Economic news out of Europe helped improve sentiment, as a report showed UK retail sales rose more than economists forecasted for April, more than offsetting a separate report that showed the nation’s consumer confidence unexpectedly declined in April. In other news, Dominique Strauss-Kahn resigned as the head of the International Monetary Fund (IMF) following his arrest over the weekend on charges of attempted rape. Strauss-Kahn was also considered to be the leading candidate for the presidency of France and he denied the charges against him.

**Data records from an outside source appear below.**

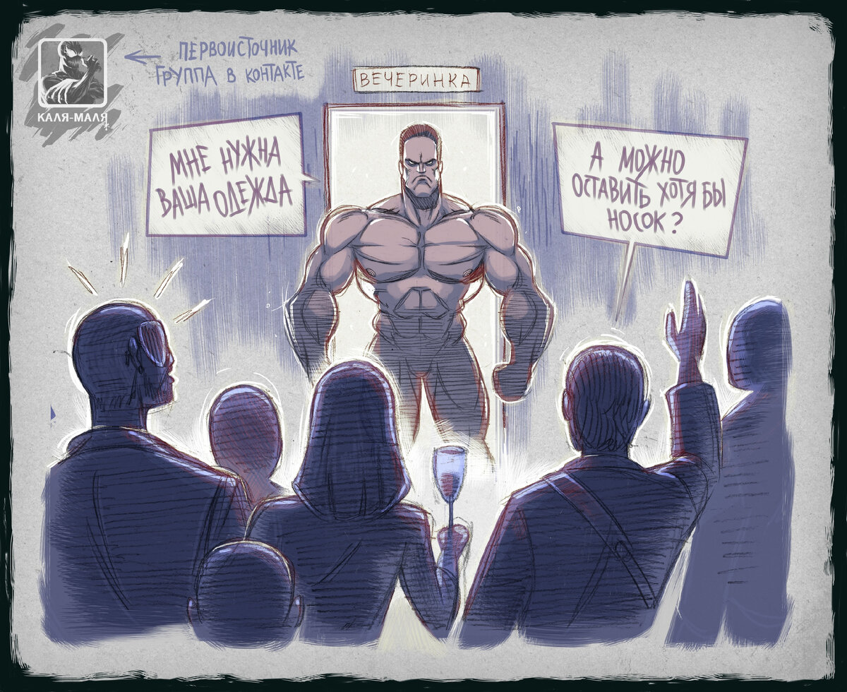 Знаю, что я немного припозднился с темой, озвученной в заголовке этой статьи, но, во-первых, в праздники я отдыхал, а во-вторых, мемы и комиксы на эту тему все еще продолжают выходить (некоторые зарисовки из этой подборки вышли совсем не давно), так что я подумал, почему бы не сделать такой материал. Тем более, как показывает практика, скандальные темы всегда набирают больше просмотров - вот и проверим, получится ли так же на этот раз. О самой вечеринке, думаю, вы и так уже много чего слышали, так что тут можно обойтись без длинных вступительных слов и сразу перейти к комиксам. Надеюсь, что они вам понравятся! Художник по имени Павел Михальцев - автора паблика КАЛЯ-МАЛЯ - озаглавил одну из своих недавних зарисовок «Терминатор на вечеринке у Ивлеевой». Кроссовер получился неожиданным, но удачным: знаменитая сцена из фантастического фильма о восстании машин отлично замиксовалась с нашумевшей новостью. Художник Артём Бизяев профессионально занимается комиксами - он рисовал такие серии как
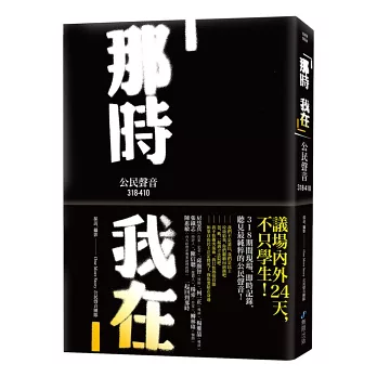 2014年3月18日夜,一群學生進佔立法院,掀開了島嶼民主史上的新頁,外界通稱為「太陽花學運」,事實上,隨著議題的深化、延伸,以及公民意識崛起和反省,參與人數、族群、業種、年齡層不斷擴大,最後撐起這場運動的已經不只是學生,各種NGO團體、上班族、社會人士、大眾資源,紛紛加入,每個人自動自發,盡其所能,進退有據,不計功勞……從各項分布的狀況來看,具有相當程度的廣泛性,一場全民的公民運動,絕不為過。那時,每個人的聲音都該被聽到,無論背景、立場、參與理由,他們的故事在這裡——我在現場的故事,都該被看見。讓我們收集每一個碎片,還原那時的感動和激動,找出期待的未來,莫忘初衷。公民路上,當每個人由於自覺走向群體,為所有人的存在而存在,太陽花於是開花遍地;而路上因為有你、有他、有我,才不孤單,公民要團結,團結才有力!
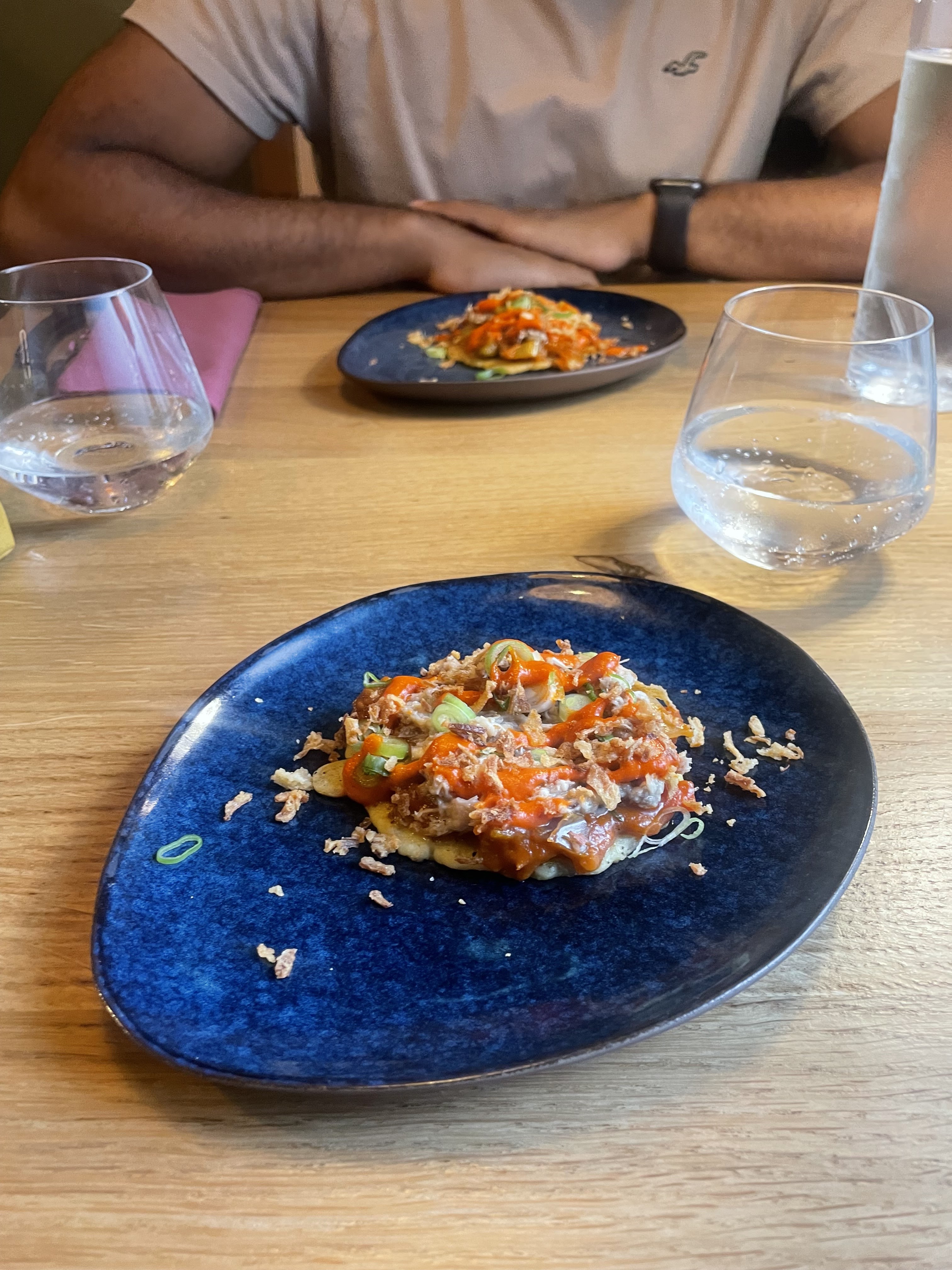 Des combinaisons de saveurs très savoureuses et inattendues. J'ai eu la chance de passer un lundi à midi, sans réservation, et de m'asseoir. Les serveurs étaient très attentifs et serviables, répondant aux questions et recommandant des vins. Je n'ai pris qu'un seul shot de mon porc mijoté servi sur une purée de carottes au wasabi, mais je suis sûr que vous comprendrez l'idée 😉. Complètement recommandé, super expérience!
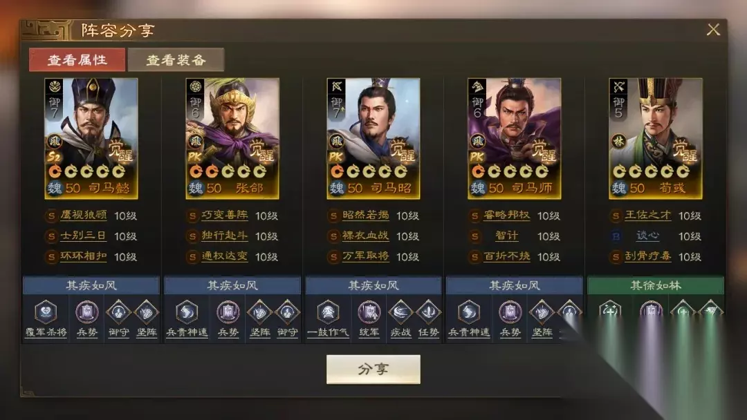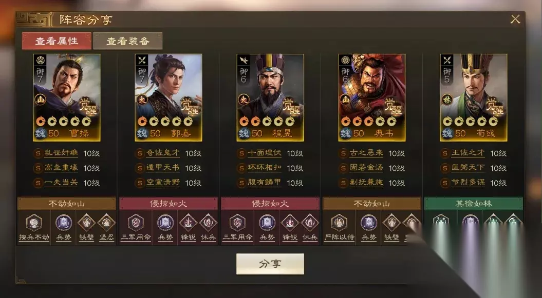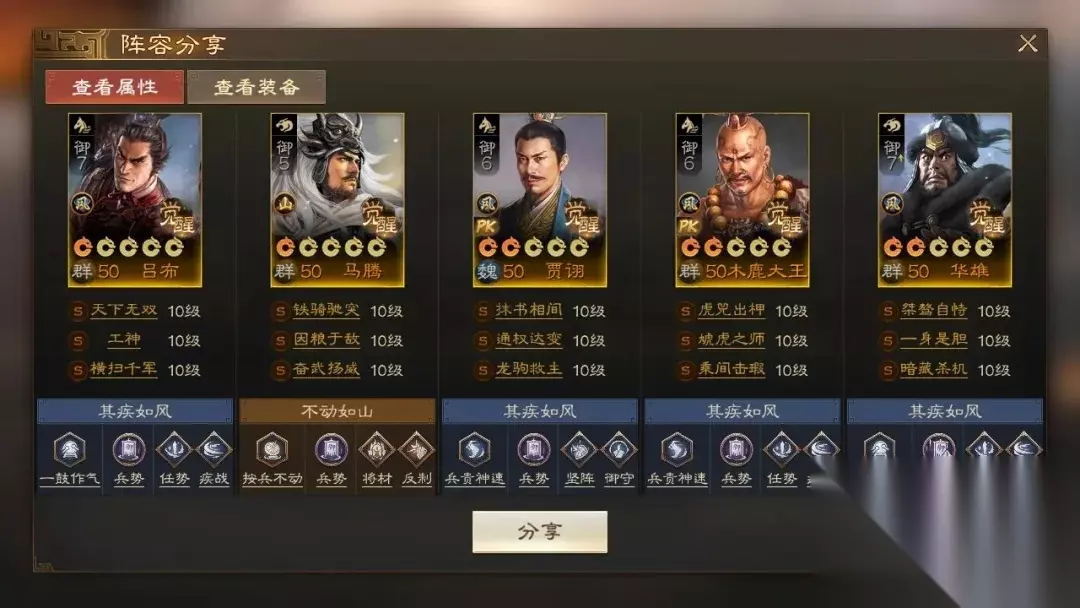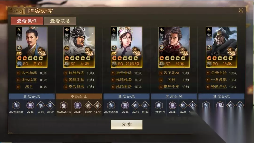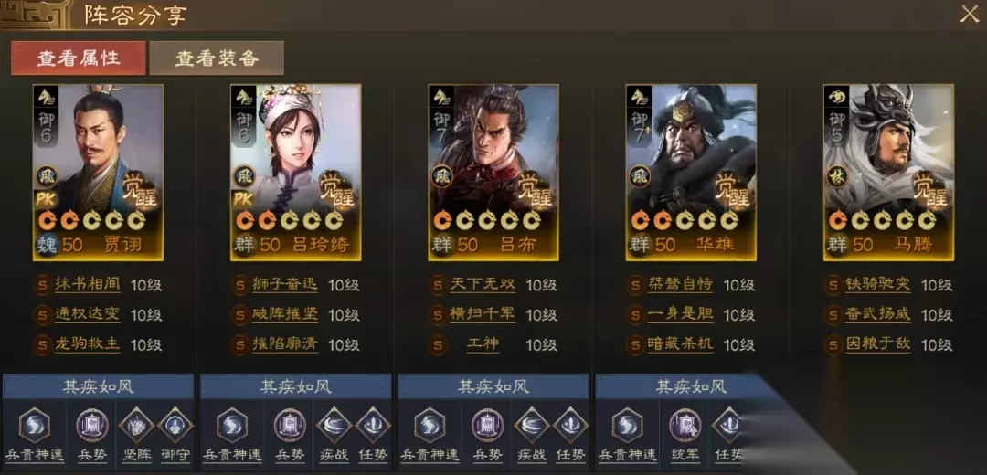 阵容码:team-dMxAb/N09v4Dru6XD6yrR2yyzIFwPUQ/ACjbNknLJn4O 攻略达人-爱发现的随风 第1队:贾诩群骑,主打手操&可自动 目前比较强势的群骑队伍,贾诩先手一控,后面几个输出轮番入场,很多阵容根本是顶不住的。如果你是手操的,可以把龙驹救主换成独行赴斗,保证一定能控到想控的人。没有贾诩可以考虑兀突骨/钟会,相对来说比较好用,华雄也可以换高览带裸衣血战+鬼神霆威/乘间击瑕。

Asia/Pacific economic news was highlighted by the release of Japan’s 1Q GDP report, which showed the economy contracted by 0.9% quarter-over-quarter (q/q), compared to the 0.5% decline that economists expected as output was stalled by the March earthquake and tsunami. The 1Q drop in GDP followed a downwardly revised 0.8% contraction for 4Q, meeting the technical definition of a recession by posting two-consecutive quarters of GDP declines. Separate economic reports out of Japan showed March industrial production was revised to a larger drop than initially projected, and department store sales for April declined. Meanwhile, there were other GDP reports released today, as Singapore’s 1Q GDP was revised lower to a 22.5% q/q rate of expansion, from a preliminary report of 23.5% growth, and compared to the downward revision to 22.0% that economists expected. The nation raised its 2011 growth outlook following the release and the FTSE Straits Times Index increased 1.0%. Also, Taiwan’s 1Q GDP was revised higher to a 6.55% y/y expansion, from 6.19%, and compared to the 6.20% that was anticipated.


After the flood of domestic economic data released today, there will be no reports on the US
economic calendar tomorrow. The international economic calendar will yield German producer prices, euro-zone consumer confidence, Canadian retail sales and CPI, and Brazilian CPI. Additionally, the Bank of Japan will conclude its two-day monetary policy meeting, with expectations that it will keep its benchmark interest rate near zero and refrain from increasing its credit programs.